Look at it this way: You go to a store every day. Whether or not you shoplift something, you get detained for several hours when you try to leave, because you once posted how you like a item the store sells but you can’t afford it so you aren’t going to get it. The punishment for shoplifting is a week of detainment instead of a few hours. How long is it going to be before you go “fuck it, I’m just going to take the damn thing, the punishment isn’t much worse.”

I’m not saying to trust him. I’m not saying he’s blame-free if he acts on that logic. I’m saying A) that logic is comprehensible and relate-able and B) we therefore as a society have an obligation to not be so overzealous in our watchfulness of potential offenders that they come to feel justified in offending. Again, your original quoted statement above is just fine, as far as I’m concerned.

Well, I’ve always believed in second chances. If this guy’s been around kids without doing them harm, then I’ll take my chances.

Personally, I think American society makes too big of a deal out of sex. Like, monstrously big. To the point where I feel that this shit cannot go on without some kind of violent revolution.

Tie that in to my own personal beliefs that may scare people, and it makes me think that it would be me overreacting if I were to simply hear somebody talk about this and immediately become like one of those overprotective parents that I hate. I do not want to become like those people. If I did not trust Pduol when he’s already admitted these feelings, then I would be like those people.

Hell, there are plenty of people I would beat up, kill, or otherwise harm if given the chance. I don’t do it because I would go to jail. To me, that’s a big motivator for me to stay on the law-abiding side. Just hearing Pduol agonize over his lot in life is enough to convince me that there are plenty of others who feel the same way. The threat of prison is there, don’t discount it.

So yes, I would allow him to babysit my 11 year old daughter.

Human empathy?

Does a guy who is into young girls get fired up over someone like Pia Zadora. She looked like a kid until she hit 40. There are actresses that look much younger than their real age. Are they turn ons, or do they actually have to be young?

The thread to answer that question is never going to happen. Probably not worth bringing up.

I think this is it. He says he likes young girls.

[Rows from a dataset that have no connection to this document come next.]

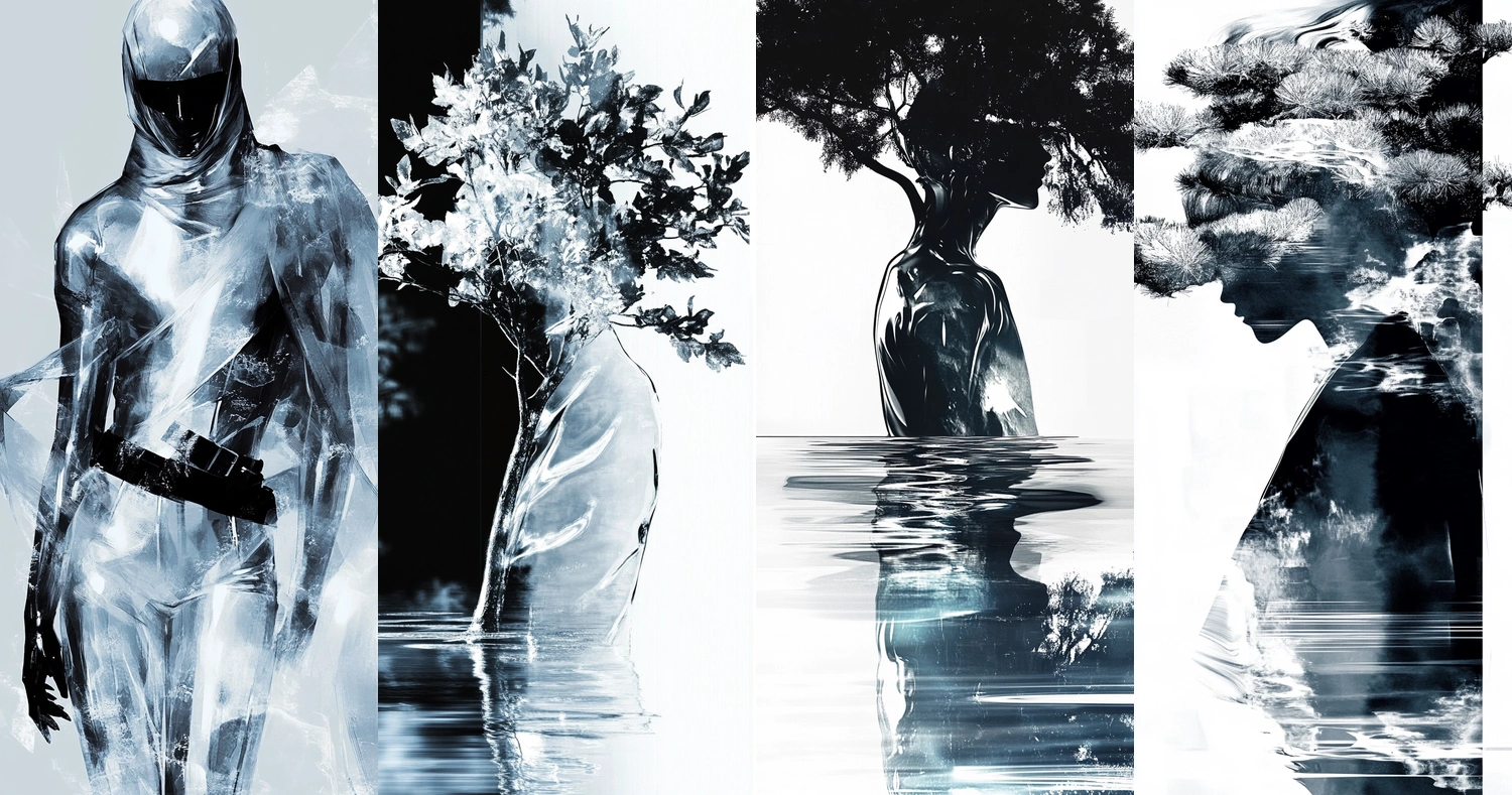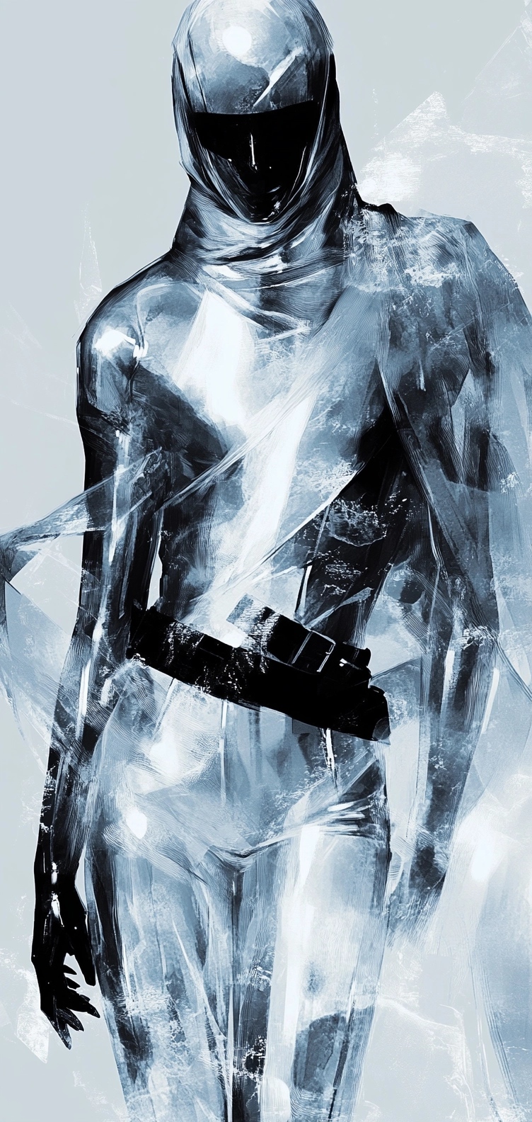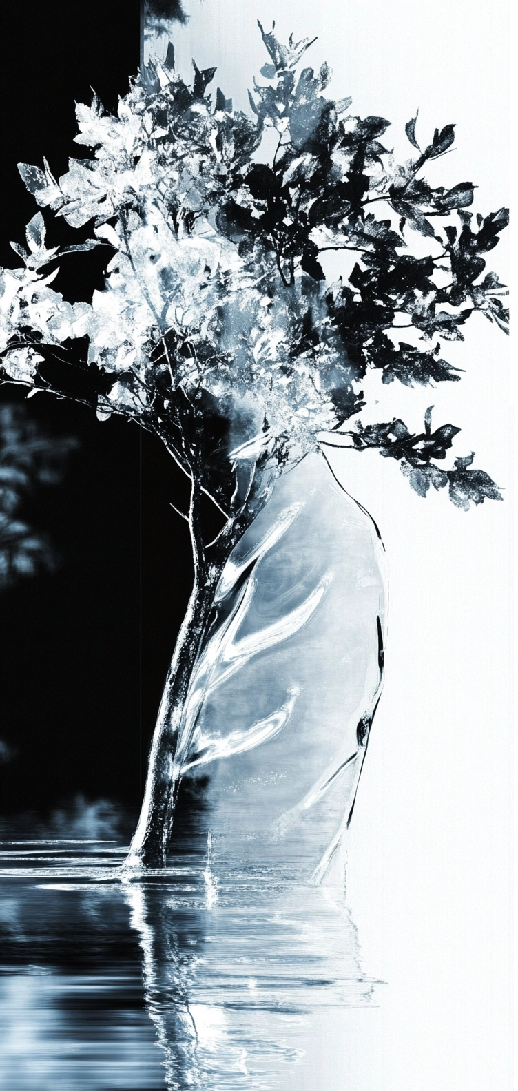 The artwork features striking lighting effects that accentuate the contours and shapes, with a monochromatic palette creating stark contrast. Reflections and transparency contribute to a dynamic spatial sense, while the smooth textures enhance the overall visual impact.
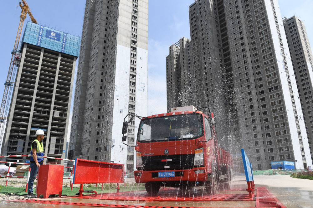 ↑在甘肃省兰州市中建三局一处建设工地上,感应式的洗车台利用循环再生水冲洗车辆,并对污水再次回收利用(5月12日摄)。
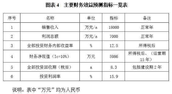 项目建成后,预计年销售收入18000万元,年利润7000万元,投资回收期8.3年(税后,含建设期2年),投资利润率15.9%。
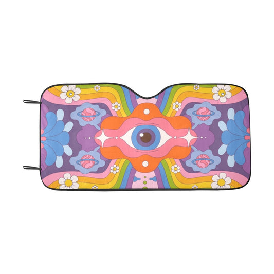 Psychedelic Windshield Sun Shade, Hippie Eye Flowers 70s Art Car Solar Reflector Auto Protector Window Visor Screen Cover Vehicle Windscreen
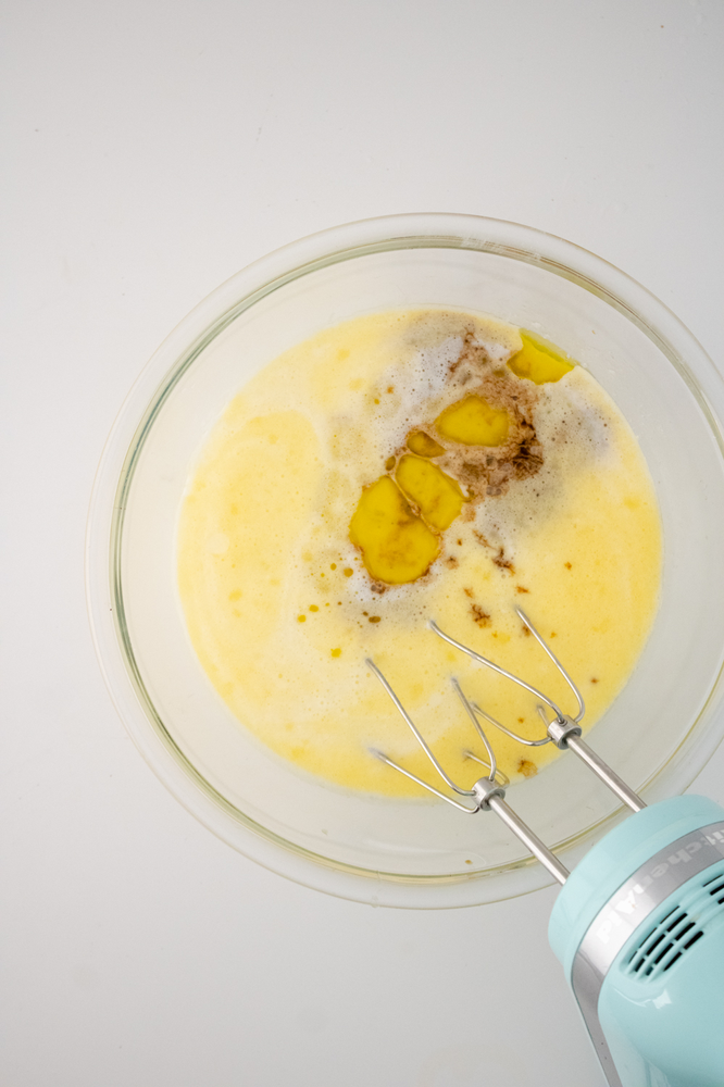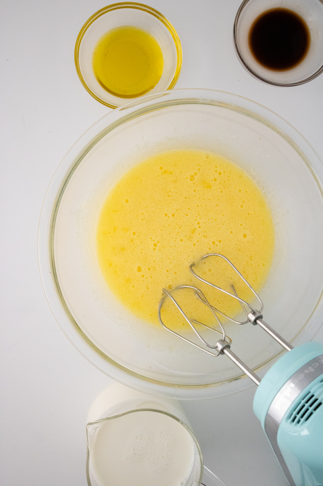 Add in the vanilla, oil and milk, mix until combined.
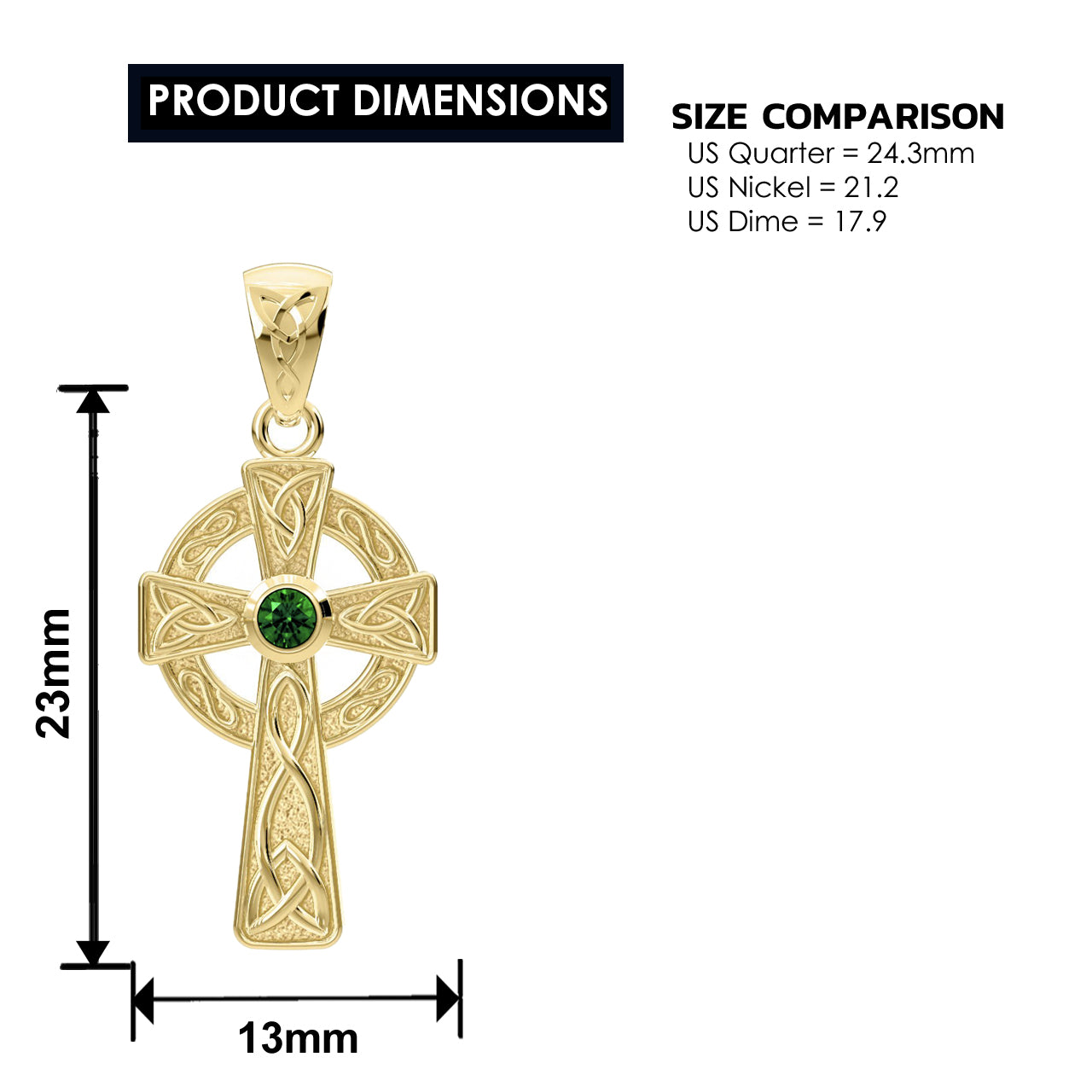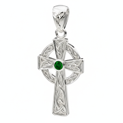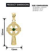 Small Petite Solid 10k or 14k Yellow or White Gold Irish Celtic Knot Birthstone Cross Pendant, 23mm
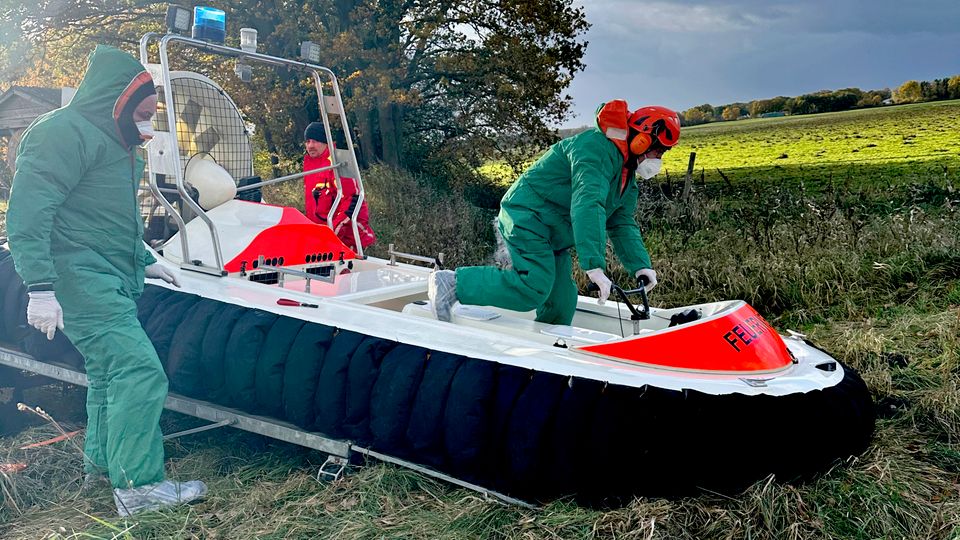Luftkissenboot der Warener Feuerwehr: Gefragt im Kampf gegen die Vogelgrippe
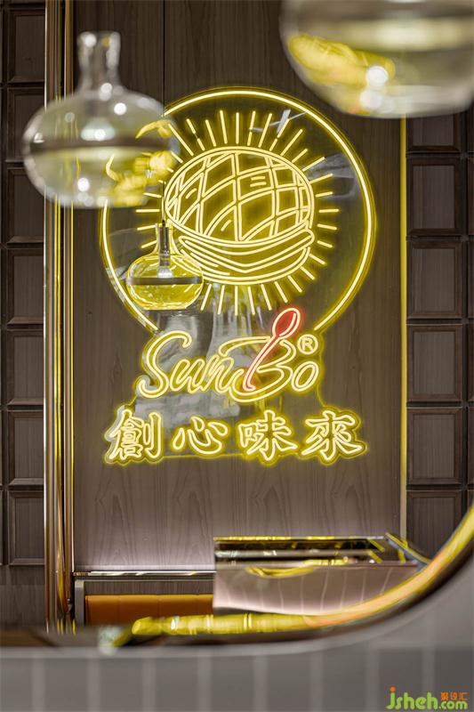 右邊區(qū)域地天花仍舊搶眼,木紋鋁通材料對木板的溫性亦步亦趨,圓形中有方格,方格中帶三角,又以十字結(jié)構(gòu)斜街,寓意中西方文化融合的痕跡。該區(qū)域色彩豐富,可謂絢麗奪目,被點亮的招牌菜綻放如花朵,恨不得渾身染著香氣,吸引顧客。實木飾面拼貼出巧克力墻,奇妙地從視覺上給人甜蜜的感覺.
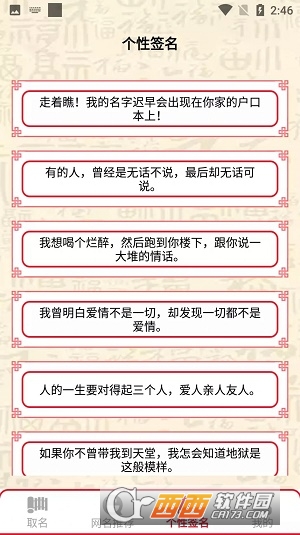 整个软件的页面设计非常的简洁明了,给用户带来的使用体验感绝对会非常不错的,让你轻松到获取到专属于你的姓名,除了起名字等相关服务之外,还有个性签名以及网名推荐哦,你可以选择性的进行查看。

In the situation I was in, other people’s opinions weren’t the basis of my decision. My point is just that I fully would have expected, “Well, what did you expect?!” if I did leave my kids there and something happened. It was a difficult decision, as I said, and one that pained me. But in the end, all I had to go on was my gut instinct and my understanding that I would never be comfortable returning there. Right or wrong, that’s how I felt.

/hijack

To tie it back in, I don’t think there’s any one right answer to the question of “Would you leave your kid with someone who was a self-admitted pedophile?” Too many variables.

…Goes both ways.

I would think you’d want to give him every possible incentive not to act, at least if your motive is preventing acts, protecting kids and rehabilitating those that can be, as opposed to simple vengence (I’m not saying you personally)
The expectation of refaining from pretty much all sex, while remaining a social pariah on the basis of an appeal to empathy is a standard very few people could meet.

But I don’t think it’s an apt analogy to shop lifting. If someone punishes you for even thinking you’d want something that’s expensive then of course you’re going to think, I might as well shoplift it. But if you’re punished for expressing a desire for a child, and you think I might as well act on my desire…that’s different to me, because you’re hurting a very real victim, in a different way. At least if you’re shoplifting then you’re striking back at the same people punishing you for your “thought crime.” When it comes to child molestation, the one you’re punishing is an innocent third party victim.

Meh, obviously it’s not a perfect analogy. The point remains–there’s a difference between appropriate precautions and wild paranoia, and wild paranoia is going to push people over the borderline from “thinks about it” to “does it”.